Exercise objective ->
What follows is a listing to transcribe exactly, leaving the pictures out.

Extracted information ->
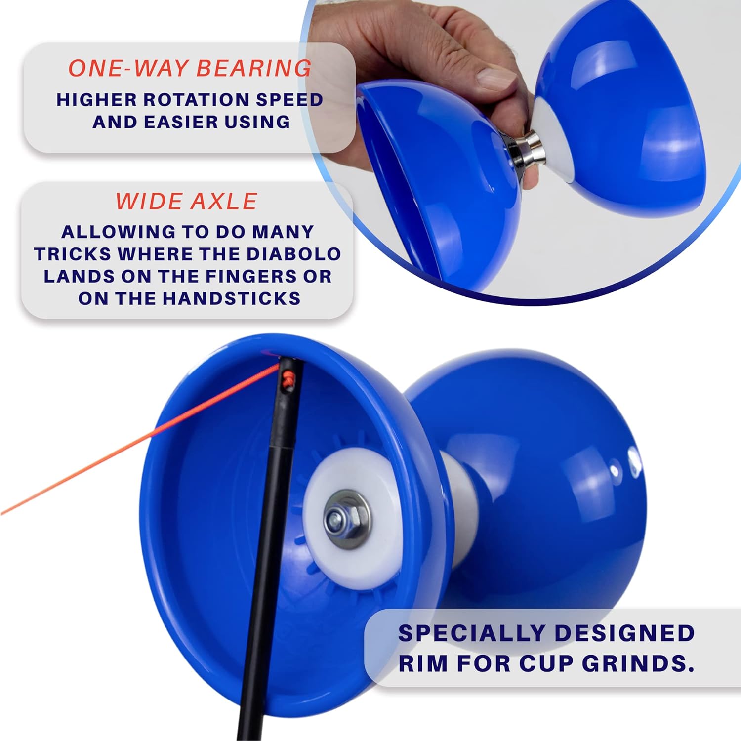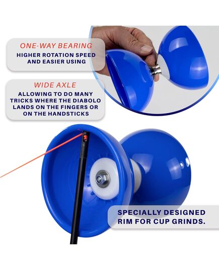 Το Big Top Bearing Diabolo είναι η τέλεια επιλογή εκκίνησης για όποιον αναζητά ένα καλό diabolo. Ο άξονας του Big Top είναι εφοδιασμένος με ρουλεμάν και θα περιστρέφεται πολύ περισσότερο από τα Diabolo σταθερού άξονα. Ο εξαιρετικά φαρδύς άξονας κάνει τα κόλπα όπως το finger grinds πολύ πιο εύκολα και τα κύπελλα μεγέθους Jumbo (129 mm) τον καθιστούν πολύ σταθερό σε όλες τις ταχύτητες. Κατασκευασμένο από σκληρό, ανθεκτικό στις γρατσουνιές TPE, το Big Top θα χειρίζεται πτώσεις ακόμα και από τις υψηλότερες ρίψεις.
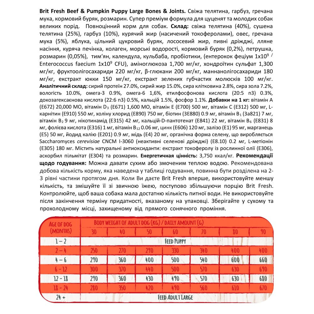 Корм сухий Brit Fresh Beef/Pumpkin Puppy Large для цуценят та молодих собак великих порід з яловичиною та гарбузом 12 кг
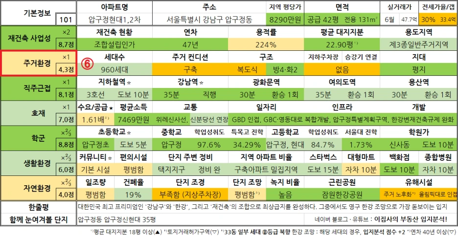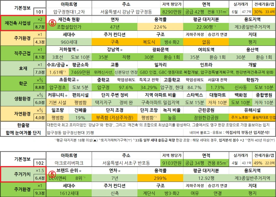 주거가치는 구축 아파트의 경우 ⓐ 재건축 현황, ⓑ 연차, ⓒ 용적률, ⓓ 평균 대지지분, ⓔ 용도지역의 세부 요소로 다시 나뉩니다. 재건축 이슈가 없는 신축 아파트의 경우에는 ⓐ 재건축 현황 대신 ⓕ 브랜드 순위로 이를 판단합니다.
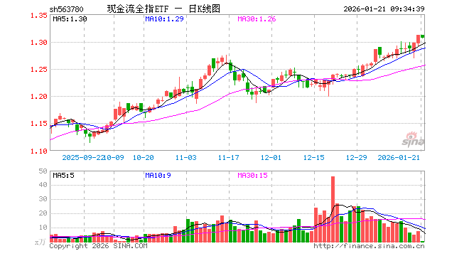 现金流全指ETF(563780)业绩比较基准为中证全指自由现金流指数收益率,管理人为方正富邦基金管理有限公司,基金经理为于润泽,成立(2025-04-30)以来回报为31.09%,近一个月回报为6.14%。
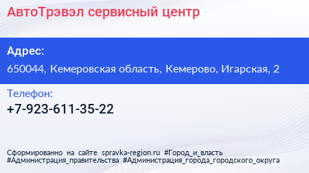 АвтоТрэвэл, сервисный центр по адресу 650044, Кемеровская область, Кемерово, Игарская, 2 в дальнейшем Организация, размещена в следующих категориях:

Solved exercise ->
 Το Big Top Bearing Diabolo είναι η τέλεια επιλογή εκκίνησης για όποιον αναζητά ένα καλό diabolo. Ο άξονας του Big Top είναι εφοδιασμένος με ρουλεμάν και θα περιστρέφεται πολύ περισσότερο από τα Diabolo σταθερού άξονα. Ο εξαιρετικά φαρδύς άξονας κάνει τα κόλπα όπως το finger grinds πολύ πιο εύκολα και τα κύπελλα μεγέθους Jumbo (129 mm) τον καθιστούν πολύ σταθερό σε όλες τις ταχύτητες. Κατασκευασμένο από σκληρό, ανθεκτικό στις γρατσουνιές TPE, το Big Top θα χειρίζεται πτώσεις ακόμα και από τις υψηλότερες ρίψεις.
 Корм сухий Brit Fresh Beef/Pumpkin Puppy Large для цуценят та молодих собак великих порід з яловичиною та гарбузом 12 кг
 주거가치는 구축 아파트의 경우 ⓐ 재건축 현황, ⓑ 연차, ⓒ 용적률, ⓓ 평균 대지지분, ⓔ 용도지역의 세부 요소로 다시 나뉩니다. 재건축 이슈가 없는 신축 아파트의 경우에는 ⓐ 재건축 현황 대신 ⓕ 브랜드 순위로 이를 판단합니다.
 现金流全指ETF(563780)业绩比较基准为中证全指自由现金流指数收益率,管理人为方正富邦基金管理有限公司,基金经理为于润泽,成立(2025-04-30)以来回报为31.09%,近一个月回报为6.14%。
 АвтоТрэвэл, сервисный центр по адресу 650044, Кемеровская область, Кемерово, Игарская, 2 в дальнейшем Организация, размещена в следующих категориях:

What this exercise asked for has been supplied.